Одни хотят забыть и жить, будто ничего не произошло, другие считают, что в доме повешенного не говорят о веревке и лучший способ забыть — это не говорить, третьи ощущают себя жертвами, это уже способ их существования, утешиться они могут только своим страданием. Но во всех живет страх. Явный страх, подпольный страх. Много самоубийств… Пьют… Политики отыграли «чернобыльскую карту» и вспоминают о ней все реже. Неожиданно хлынули тысячи беженцев (от знакомого страха в страх неведомый): из Душанбе, Фрунзе, Грозного… Бегут от войны или из бывшего СССР — самые слабые, не нужные и неприкаянные, выброшенные на обочину перемен и передела, из тех миллионов русских, что остались за пределами России. А теперь их отовсюду гонят: еще одна Россия! Целая страна — двадцать пять миллионов. Чернобыльская страна. Десятки национальностей. Снова оживают пустые города и деревни. Там рождается новый дух…
«Здесь не страшно… Здесь не стреляют… Я больше всего человека боюсь… Человека с автоматом…»
«Мы — не русские, мы — советские. Той страны, что была нашей родиной, нет. Нет у нас домов, нет у нас земли — все забрали. А здесь не заберут, тут остались только мы и Бог. Ходили по пустым улицам, зашли в пустую хату — икона лежит на белой скатерти. Стали жить…»
«Здесь чувствуешь себя свободным человеком… Здесь ты не коммунист, не демократ, не националист, не фашист… Здесь ты — свободный человек».
На чернобыльской земле живет дочернобыльский человек. Обживает и вживается в новую реальность.
В голову не приходит что-нибудь придумывать. Собираешь детали… Доверяешь деталям… Ищешь детали… Однажды пришла в дом к умирающему вертолетчику. Встретил словами: «Как хорошо, что вы успели! Застали меня… И есть кому рассказать… Мы мало поняли, но все видели, запомнили. Напишите…»
— Как вы считаете, надо закрыть все атомные станции? Или мы должны с ними жить?
— Я не знаю, как поступить с атомными станциями. Я — не физик. Но я бы их закрыла. Хотя это не дело искусства…

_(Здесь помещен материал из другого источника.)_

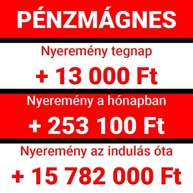 Garantáltan Magyarország egyik legsikeresebb sportfogadással foglalkozó csoportja a Pénzmágnes. A 2020 Júniusában induló Pénzmágnes Prémium csoport ezidáig(2025 szeptember) több mint 15.000.000 Ft nyereséget könyvelt el melyet a statisztika oldalon te is nyomon követhetsz. A Pénzmágnes asztalitenisz tippeket Single fogadásban, egységnyi téttel ajánljuk megjátszásra. A Pénzmágnes tippekről tudnod, kell, hogy a kínálat szerint napi 5-10 tippel jelentkezünk, amelyeket általában a délelőtti órákban egyszerre postázunk az email címedre. Amennyiben te is a maximumot szeretnéd kihozni a Pénzmágnes asztalitenisz tippekből akkor a hagyományos papír alapú fogadási lehetőség mellet szükséged lesz egyéb online felületre is, így biztosan egyetlen egy tippről sem fogsz lemaradni.
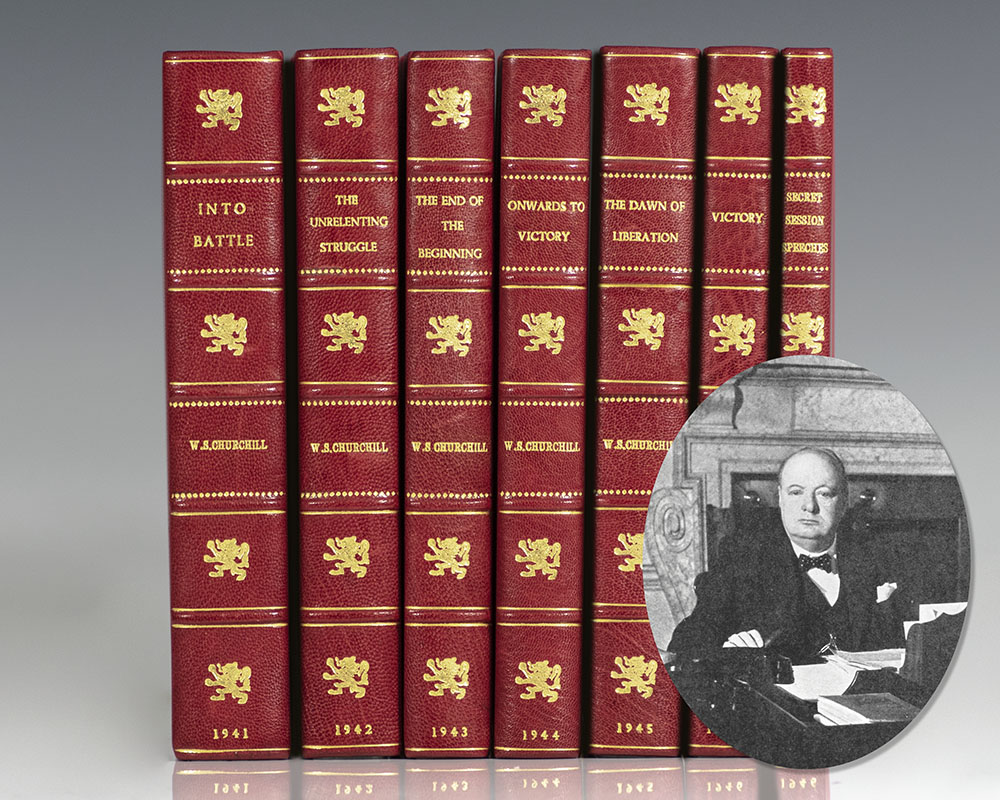 First editions of each volume in Churchill's collected war speeches. Octavo, 6 volumes, bound in three quarter morocco with gilt titles and tooling to the spine, all edges gilt. In fine condition.
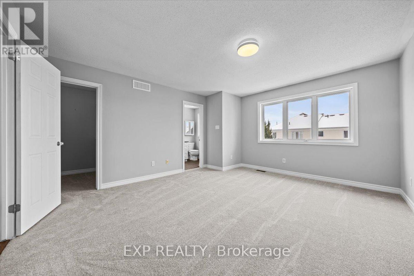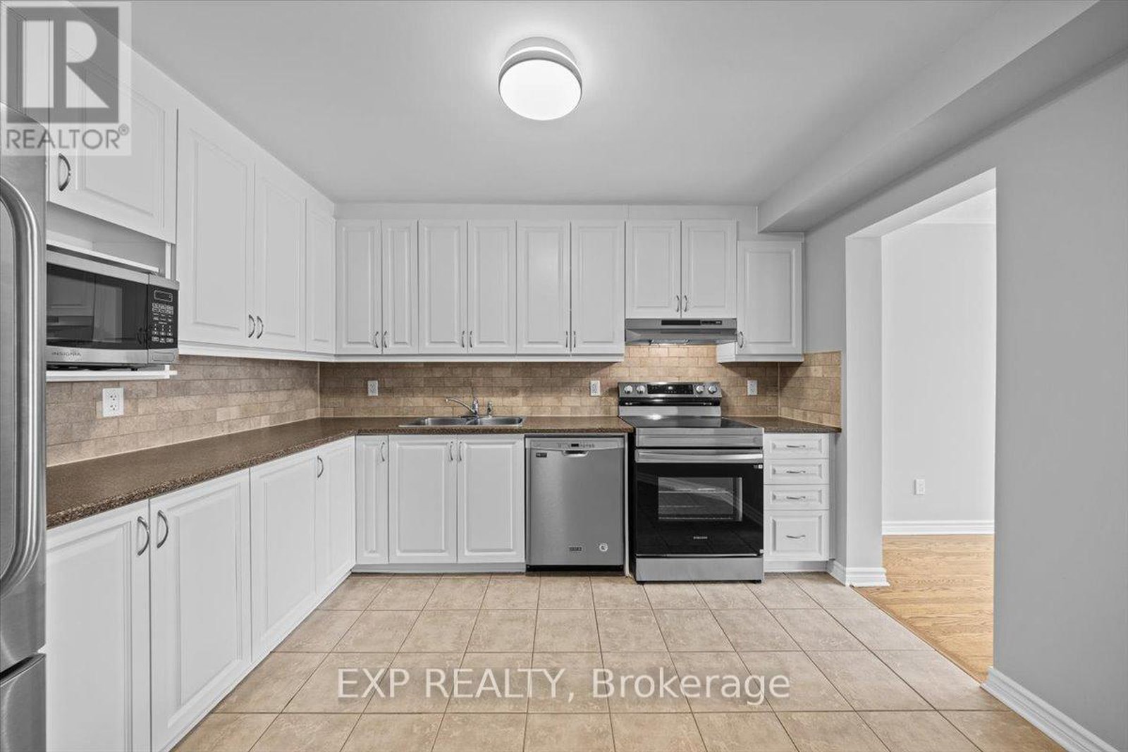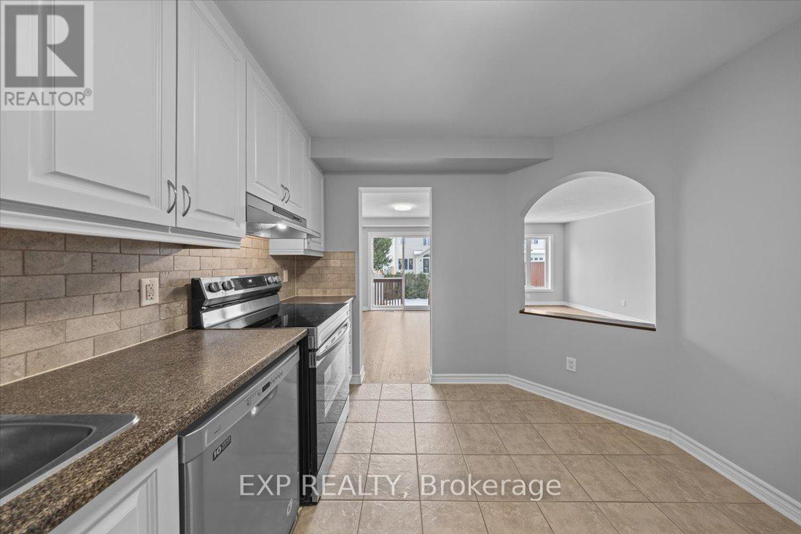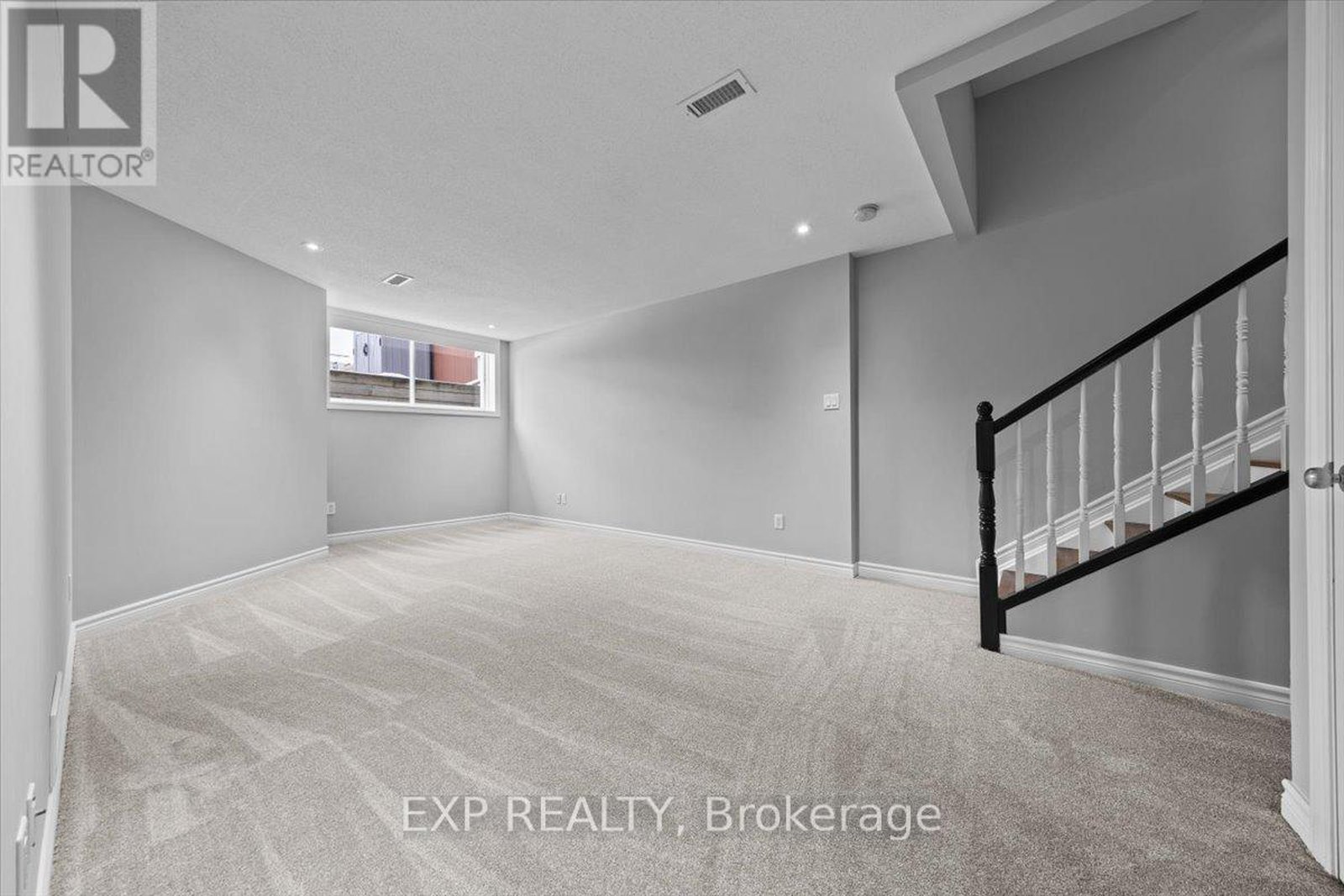 Welcome to this beautifully maintained 3 bedroom, 2.5 bathroom brick townhouse featuring a single garage and a bright, finished basement with large storage area. Beautifully refinished hardwood floors and staircase in 2025. The spacious kitchen offers plenty of counter space and cabinetry-perfect for family meals and entertaining. The open-concept living and dining area includes a cozy gas fireplace and a patio door leading to a fully fenced, sunny west-facing backyard ideal for relaxing or hosting summer barbecues. Upstairs, the primary bedroom boasts a walk-in closet and a private ensuite bathroom complete with a soaker tub and separates shower. The lower level features a welcoming recreation room with a large window, filling the space with natural light-ideal for a home office, gym, or play area. Recent updates include a new roof, fresh paint, and new carpeting, making this home move-in ready. Conveniently located close to schools, parks, shopping, and transit, this townhouse offers comfort, style, and functionality for today's modern living.

—Мне в книге не хватает «злых» героев. Таких, как Василий Борисович Нестеренко, бывший директор Института ядерной энергетики Академии наук Беларуси. Это человек, который борется: «За Чернобыль когда-нибудь придется отвечать… Наступит такое время, что придется отвечать, как за тридцать седьмой год… Надо оставлять факты…» Он рассказывает историю Чернобыля как историю преступления. Другие же только страдают и философствуют.